▸ **What the exercise asks**
Wherever the word "Stainless" occurs in the listing below, copy that whole line.

▸ **Data for processing**
·····
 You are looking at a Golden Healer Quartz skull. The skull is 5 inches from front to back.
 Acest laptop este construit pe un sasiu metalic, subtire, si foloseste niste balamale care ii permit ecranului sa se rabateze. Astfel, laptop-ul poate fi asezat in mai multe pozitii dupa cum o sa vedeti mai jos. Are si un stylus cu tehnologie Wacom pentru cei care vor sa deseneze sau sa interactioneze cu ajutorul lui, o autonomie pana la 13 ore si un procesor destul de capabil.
·····
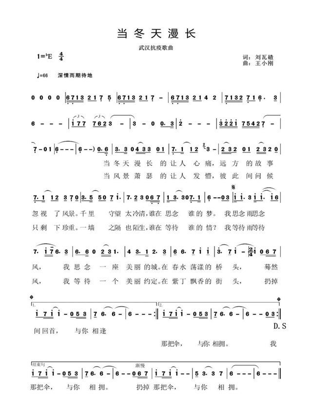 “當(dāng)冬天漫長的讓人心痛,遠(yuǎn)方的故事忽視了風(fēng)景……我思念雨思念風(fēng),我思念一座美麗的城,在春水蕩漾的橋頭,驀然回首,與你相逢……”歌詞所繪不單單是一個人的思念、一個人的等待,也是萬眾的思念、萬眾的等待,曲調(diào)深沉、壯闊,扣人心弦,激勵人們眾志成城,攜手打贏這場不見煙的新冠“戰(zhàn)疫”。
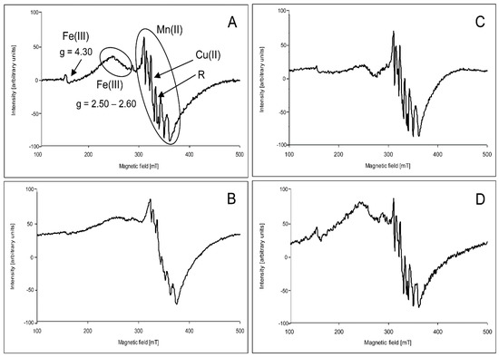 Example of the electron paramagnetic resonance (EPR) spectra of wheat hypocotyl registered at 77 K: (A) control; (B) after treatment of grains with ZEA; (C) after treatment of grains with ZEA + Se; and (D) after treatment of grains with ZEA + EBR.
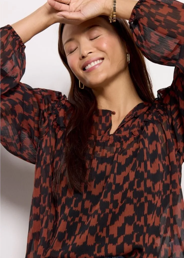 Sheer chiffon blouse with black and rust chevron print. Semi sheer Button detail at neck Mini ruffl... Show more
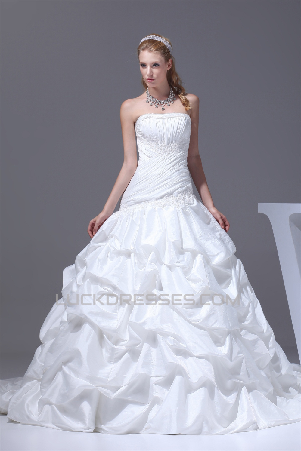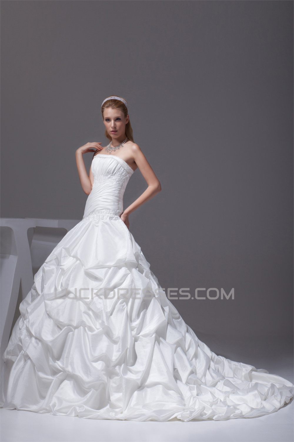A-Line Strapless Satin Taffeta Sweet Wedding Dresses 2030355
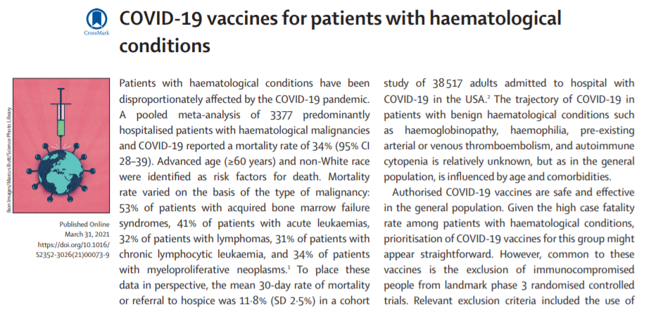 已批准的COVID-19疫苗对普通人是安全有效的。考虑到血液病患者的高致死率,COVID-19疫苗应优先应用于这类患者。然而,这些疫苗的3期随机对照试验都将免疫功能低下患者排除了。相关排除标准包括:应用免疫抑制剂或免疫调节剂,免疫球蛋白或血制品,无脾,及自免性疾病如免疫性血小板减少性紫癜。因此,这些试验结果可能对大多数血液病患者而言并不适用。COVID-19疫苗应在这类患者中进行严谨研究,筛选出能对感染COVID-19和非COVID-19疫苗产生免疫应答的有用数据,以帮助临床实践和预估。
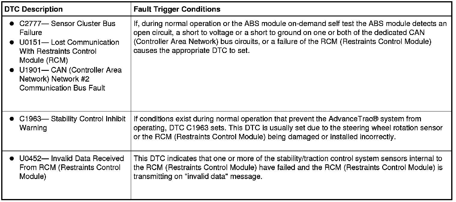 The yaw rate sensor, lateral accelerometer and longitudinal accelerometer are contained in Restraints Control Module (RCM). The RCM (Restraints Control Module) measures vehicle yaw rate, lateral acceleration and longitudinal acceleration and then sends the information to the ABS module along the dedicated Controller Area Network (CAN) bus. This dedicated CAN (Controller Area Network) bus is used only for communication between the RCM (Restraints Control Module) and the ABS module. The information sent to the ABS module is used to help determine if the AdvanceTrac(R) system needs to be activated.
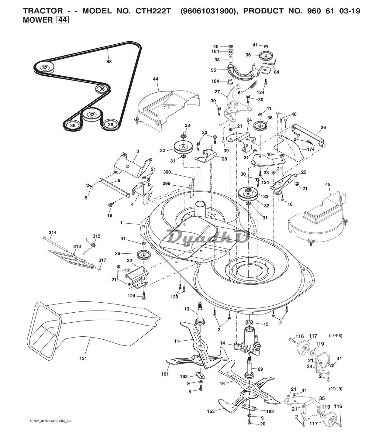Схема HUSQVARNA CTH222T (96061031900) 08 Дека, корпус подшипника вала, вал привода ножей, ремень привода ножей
·····
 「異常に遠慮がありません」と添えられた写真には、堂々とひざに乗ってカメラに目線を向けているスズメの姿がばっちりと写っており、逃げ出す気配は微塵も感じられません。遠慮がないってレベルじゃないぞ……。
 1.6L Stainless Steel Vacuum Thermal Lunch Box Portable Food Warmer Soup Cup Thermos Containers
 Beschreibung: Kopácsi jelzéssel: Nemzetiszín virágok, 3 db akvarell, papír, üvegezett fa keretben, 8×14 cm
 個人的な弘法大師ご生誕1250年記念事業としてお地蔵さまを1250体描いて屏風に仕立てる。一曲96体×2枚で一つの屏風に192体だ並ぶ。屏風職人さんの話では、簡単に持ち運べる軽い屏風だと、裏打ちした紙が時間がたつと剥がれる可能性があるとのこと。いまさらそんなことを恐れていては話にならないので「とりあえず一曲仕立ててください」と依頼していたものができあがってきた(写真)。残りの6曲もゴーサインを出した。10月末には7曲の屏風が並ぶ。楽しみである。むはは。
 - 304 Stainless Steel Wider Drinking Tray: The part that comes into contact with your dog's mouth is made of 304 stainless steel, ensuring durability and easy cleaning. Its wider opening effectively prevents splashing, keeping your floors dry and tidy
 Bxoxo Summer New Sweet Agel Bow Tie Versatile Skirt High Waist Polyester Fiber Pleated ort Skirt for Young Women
·····
▸ **Solved problem**
 1.6L Stainless Steel Vacuum Thermal Lunch Box Portable Food Warmer Soup Cup Thermos Containers
 - 304 Stainless Steel Wider Drinking Tray: The part that comes into contact with your dog's mouth is made of 304 stainless steel, ensuring durability and easy cleaning. Its wider opening effectively prevents splashing, keeping your floors dry and tidy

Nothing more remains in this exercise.